## EXTRACTED ENTRIES
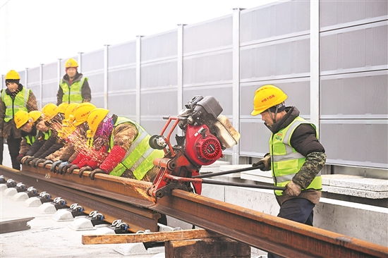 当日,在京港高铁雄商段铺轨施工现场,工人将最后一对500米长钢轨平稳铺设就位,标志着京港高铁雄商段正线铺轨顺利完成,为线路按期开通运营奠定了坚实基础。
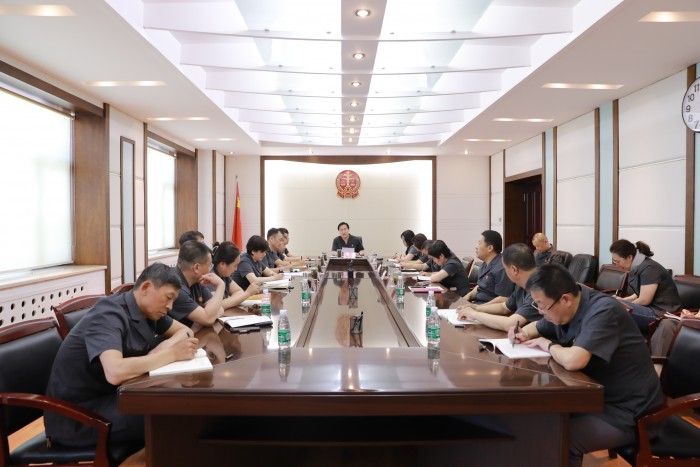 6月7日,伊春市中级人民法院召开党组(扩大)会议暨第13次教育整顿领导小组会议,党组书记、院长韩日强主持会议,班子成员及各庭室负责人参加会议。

---

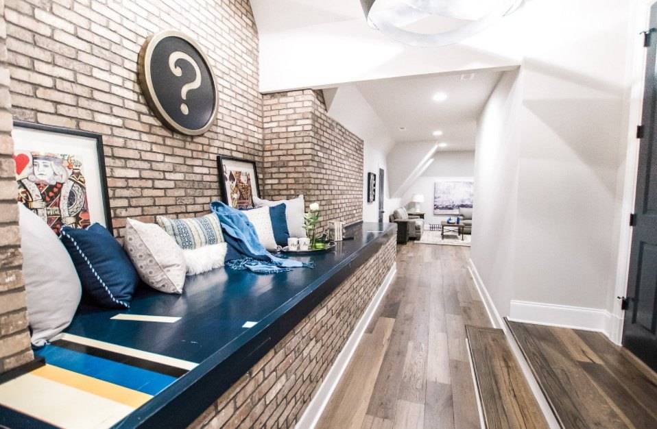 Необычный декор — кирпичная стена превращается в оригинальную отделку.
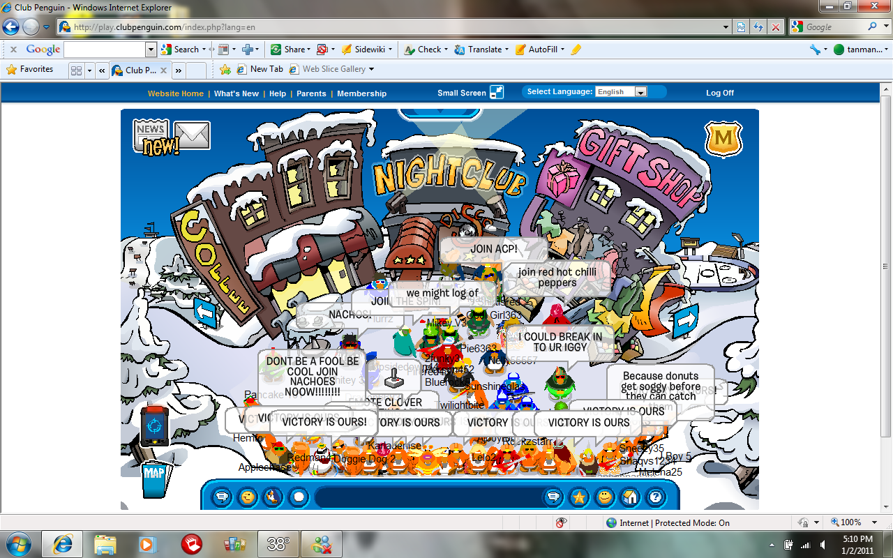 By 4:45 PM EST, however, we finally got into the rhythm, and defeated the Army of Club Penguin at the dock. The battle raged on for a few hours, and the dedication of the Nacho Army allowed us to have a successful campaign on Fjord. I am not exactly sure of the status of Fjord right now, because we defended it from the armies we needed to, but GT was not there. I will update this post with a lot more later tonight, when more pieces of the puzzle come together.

...

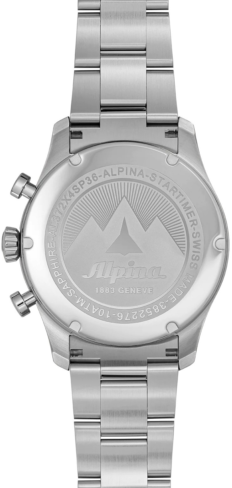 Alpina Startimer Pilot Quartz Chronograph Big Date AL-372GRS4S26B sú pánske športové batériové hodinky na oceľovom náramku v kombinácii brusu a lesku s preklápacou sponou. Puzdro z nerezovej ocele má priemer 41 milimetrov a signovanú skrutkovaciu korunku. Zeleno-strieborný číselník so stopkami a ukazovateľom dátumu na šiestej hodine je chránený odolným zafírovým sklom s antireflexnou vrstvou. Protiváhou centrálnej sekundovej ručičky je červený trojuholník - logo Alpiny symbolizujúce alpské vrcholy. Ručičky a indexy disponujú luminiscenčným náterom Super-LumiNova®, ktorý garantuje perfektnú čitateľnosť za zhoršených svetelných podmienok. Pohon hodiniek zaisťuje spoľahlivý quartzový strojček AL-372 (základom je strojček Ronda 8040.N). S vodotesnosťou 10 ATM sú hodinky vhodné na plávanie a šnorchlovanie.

## EXERCISE GOAL
Start at the line containing "当日,在京港高铁雄商段铺轨施" above and stop at the line containing "6月7日,伊春市中级人民法院". Output those lines exactly, both included, but none of the pictures.

## ANSWER FOR THE TASK
 当日,在京港高铁雄商段铺轨施工现场,工人将最后一对500米长钢轨平稳铺设就位,标志着京港高铁雄商段正线铺轨顺利完成,为线路按期开通运营奠定了坚实基础。
 6月7日,伊春市中级人民法院召开党组(扩大)会议暨第13次教育整顿领导小组会议,党组书记、院长韩日强主持会议,班子成员及各庭室负责人参加会议。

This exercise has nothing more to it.